I made the decision to try this at 4:30 pm yesterday and I felt like it was a little too late in the day to try to cram in 5 servings of fruit/veggies, so I'm calling yesterday day -1.
I hate food journals. I always get frustrated by trying to calculate the nutritional information for casseroles or by trying to guess at serving sizes. With this plan, I'm going to write down everything I eat, but just so I can see what I am generally putting into my body. I'm not going to worry about the exact serving size (except for veggies) or anything like that. I think this will help me to develop the habit of writing down what I eat, which should help me to identify trends and times when I overeat.
Breakfast: 2 pieces of wheat toast with peanut butter.
Thoughts: this is my favorite pre-run food and I can't tolerate much else until I am done running.
During run: 3 clif shot blocks.
Thoughts: I ran 6 miles and I need fuel during a run to prevent muscle cramps.
Lunch: a little less than half of a frozen pizza
Thoughts: pizza is my favorite post-run food. Notice that I didn't have any produce with it!
Dinner: I made a
hamburger-rice skillet and ate a serving of frozen peas on the side.

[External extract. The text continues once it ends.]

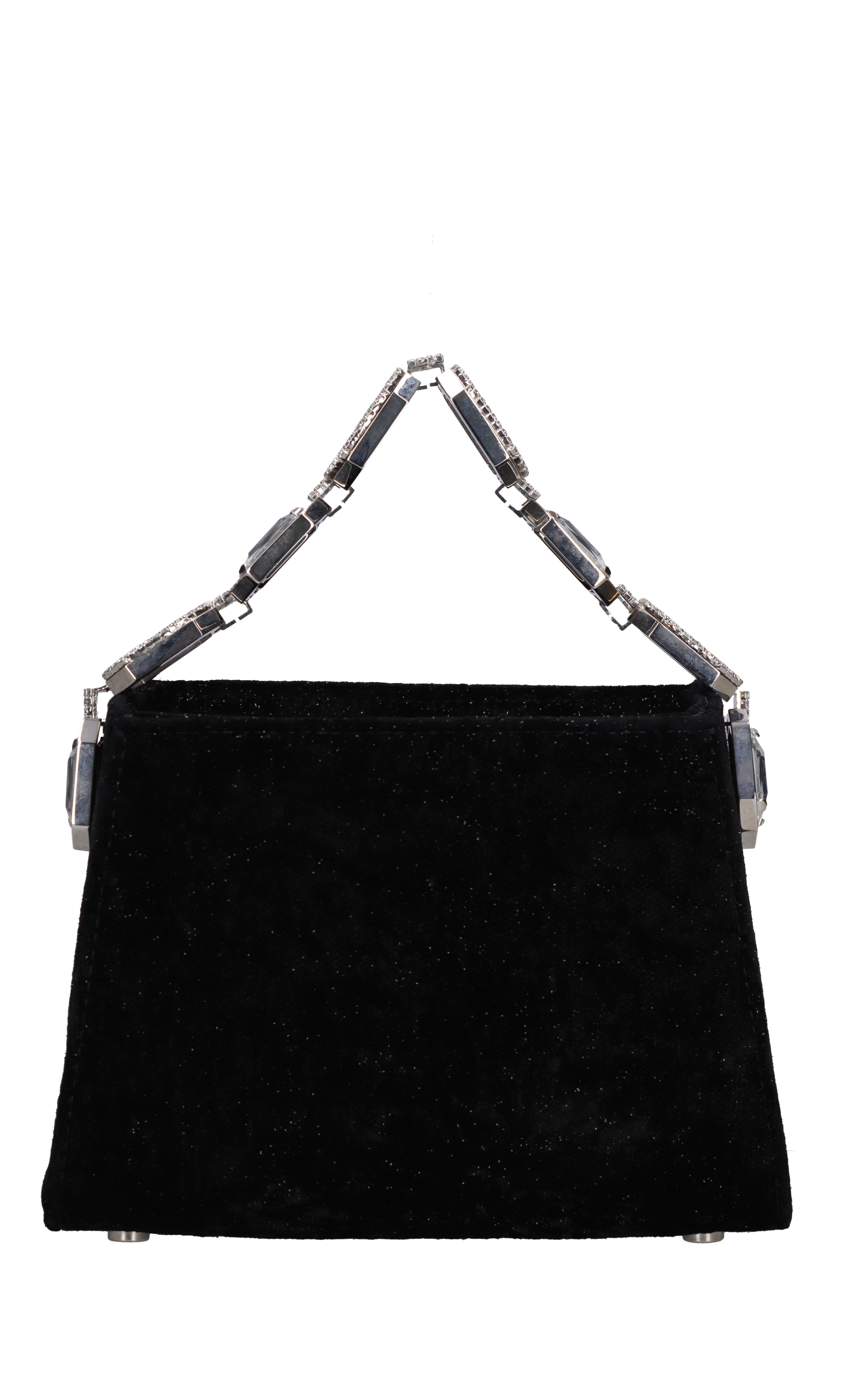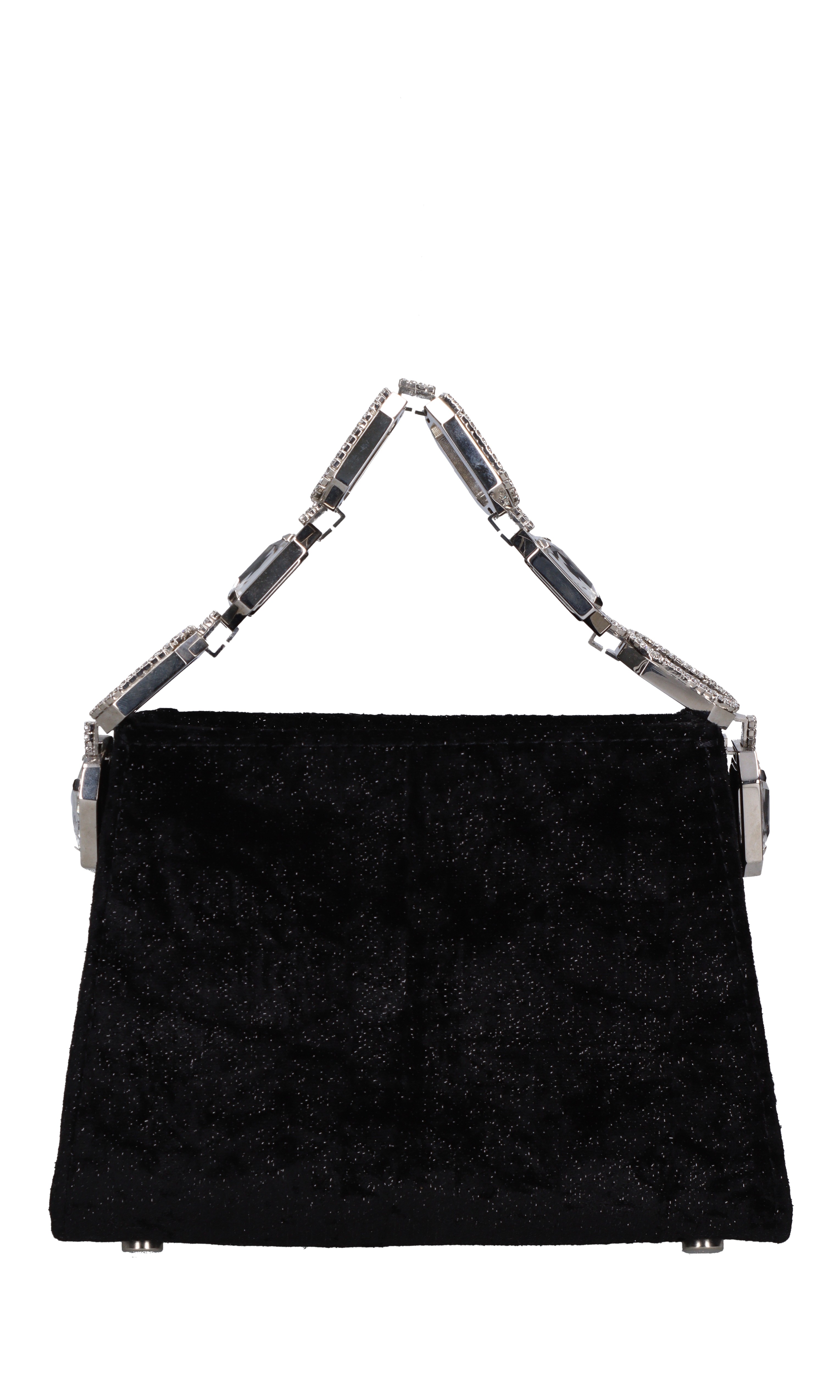 Borsa nicky velvet in velluto. 1 Comparto. Chiusura con bottone a scatto. Manico con strass. Spedita su bustina trasparente.
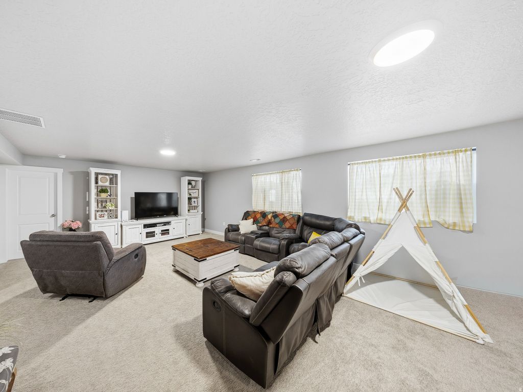 You are looking at a fully finished 6-bedroom and 3-bathroom home situated on a rare half-acre lot in Hooper, Utah. This fantastic property offers spacious main-level living with a gourmet kitchen, vaulted ceilings, LED lighting, and an oversized garage with a massive concrete driveway/RV pad for all your toys. The yard is fully landscaped and fenced with automatic sprinklers throughout. Conveniently located just 10 minutes from HAFB and Northrop Grumman, and within 30 minutes of world-class skiing, fishing, and scenic walking & biking trails, and only 40 minutes from Salt Lake International Airport. With so many features, a turnkey, Move-in-Ready Home like this one is hard to find. Schedule your private tour today, you'll be glad you did!

Thoughts: Normally, I would have just made the main dish and wouldn't have added anything else. One serving of peas is 3/4 of a cup. That's a lot of peas. As I suspected, they filled me up pretty quickly and I only had one serving of the hamburger/rice stuff. But, I was starving 4 hours later. I decided that I would just be hungry and managed to avoid an extra snack.
As you can see, I have a lot of room for improvement!